Domain classification engine 230 then generates a maliciousness rating (step 240) based on the results of the Markov analysis (step 220), feature extraction (step 210), and random forest classification (step 230). The maliciousness rating will indicate the likelihood that the domain name corresponds to a malicious website. A threshold can be chosen (e.g., 0.60 on a scale of 0 to 1.00) that is used to determine whether a website is malicious or not.
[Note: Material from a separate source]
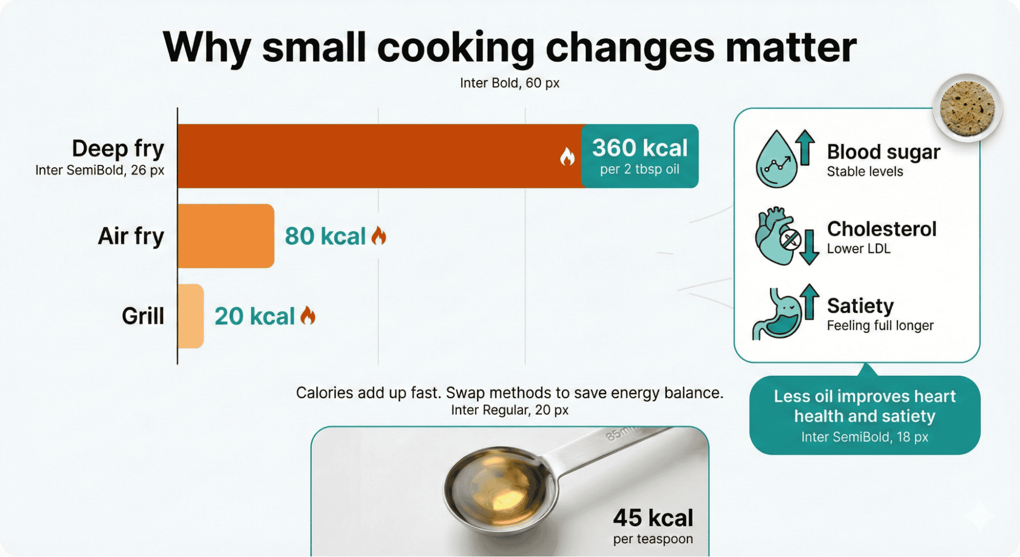 Healthy Indian cooking affects your health through reducing calorie density while maintaining nutrients and satisfaction. Excess oil adds 9 calories per gram without nutrients or satiety. Therefore, using 2 tablespoons instead of 6 in a sabzi saves 360 calories affecting weight significantly over time. Additionally, reducing salt prevents water retention and hypertension common in Indians. Moreover, ingredient substitutes like whole wheat for refined flour increases fiber, stabilizing blood sugar and improving satiety. Furthermore, cooking methods matter. Grilling, baking, or air frying versus deep frying dramatically reduces calories and unhealthy fats. In fact, the same foods prepared differently create different metabolic effects. Palak paneer with minimal oil versus restaurant preparation swimming in cream affects your body completely differently despite being “the same dish.” Understanding these mechanisms helps you prioritize which Indian kitchen hacks matter most.

In response to a high maliciousness rating (indicating a high likelihood that the website is malicious), computer 100 can take any number of different actions, such as preventing access by computer 10 (or a plurality of computers) to website 40 or server 30; sending a message to computer 100; generating an alert for a user of computer 10 or the operator of computer 100, updating a list or database of known malicious websites or known good websites; or generating a user interface for an operator of computer 100 or a user of computer 10 that provides the maliciousness rating or data reflective of that rating (such as a graph). These actions optionally can be performed by an execution engine 120 (not shown), which is software running on computer 100.
The database or list of known malicious websites or known good websites can be continually updated. Thereafter, the probabilities for the Markov analysis can be updated, as can the models for the random forest classification. Thus, the quality of the predictions made by the embodiments as to whether a domain name corresponds to a malicious website or a good website will remain high even as the operators of malicious website change their strategies in selecting domain names.
In another application of the embodiments, domain classification engine 230 can be used to identify computers that already have been infected by malware. It is a common practice for malware to cause the infected computer to perform a DNS lookup on a domain name that the malware attacker controls. The infected computer will then obtain the IP address for that domain name and will be directed to a server at that IP address. The server will be controlled by the malware attacker, and the server will provide commands and/or instructions to the infected computer. Domain classification engine 230 can be used to analyze the domain names during the DNS lookup events and can generates a maliciousness rating for the domain names using the same methods and apparatuses discussed previously. If the maliciousness rating indicates a malicious domain name, then the same type of actions described previously can be taken (e.g., adding the domain to a list of known malicious websites), and in addition, an operator can be notified that the computer that initiated the DNS lookup likely has been affected with malware.
The embodiments described herein are valuable in detecting domain names, even if not yet known, of malicious websites. The embodiments also are very scalable and can be used in environments involving a large number of DNS requests, as is the case with ISPs or corporate network servers.
References to the present invention herein are not intended to limit the scope of any claim or claim term, but instead merely make reference to one or more features that may be covered by one or more of the claims. Materials, processes and numerical examples described above are exemplary only, and should not be deemed to limit the claims.